▶ What to produce:
Write out the lines below exactly, beginning at the one with "[프리미엄/해외배송]샤넬 WOC 체인 탑핸들 더블 플랩 백(블랙/은장/카프스킨)" and stopping after the one with "Drove along the"; the pictures are not copied.

▶ Supplied records:
================================
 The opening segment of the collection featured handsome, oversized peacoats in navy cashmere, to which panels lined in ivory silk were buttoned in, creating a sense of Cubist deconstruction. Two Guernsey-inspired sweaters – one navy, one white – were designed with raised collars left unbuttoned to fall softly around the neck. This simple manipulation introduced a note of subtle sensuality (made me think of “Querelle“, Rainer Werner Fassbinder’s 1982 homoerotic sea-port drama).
================================
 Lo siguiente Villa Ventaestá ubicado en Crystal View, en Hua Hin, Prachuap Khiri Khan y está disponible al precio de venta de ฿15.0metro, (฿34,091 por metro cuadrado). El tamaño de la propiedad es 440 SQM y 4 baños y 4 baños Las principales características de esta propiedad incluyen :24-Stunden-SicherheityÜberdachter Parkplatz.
================================
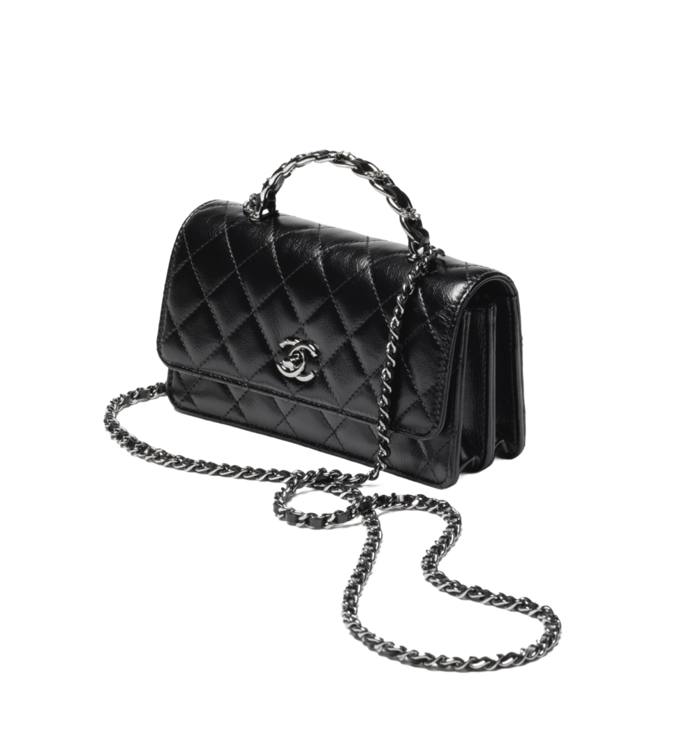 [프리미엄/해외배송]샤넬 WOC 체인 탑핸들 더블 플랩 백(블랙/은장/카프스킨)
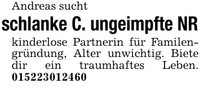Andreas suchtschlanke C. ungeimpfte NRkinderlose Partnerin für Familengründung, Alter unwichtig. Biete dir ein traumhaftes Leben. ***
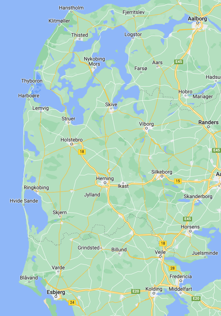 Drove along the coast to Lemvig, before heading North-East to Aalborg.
================================
▶ Your response:
 [프리미엄/해외배송]샤넬 WOC 체인 탑핸들 더블 플랩 백(블랙/은장/카프스킨)
Andreas suchtschlanke C. ungeimpfte NRkinderlose Partnerin für Familengründung, Alter unwichtig. Biete dir ein traumhaftes Leben. ***
 Drove along the coast to Lemvig, before heading North-East to Aalborg.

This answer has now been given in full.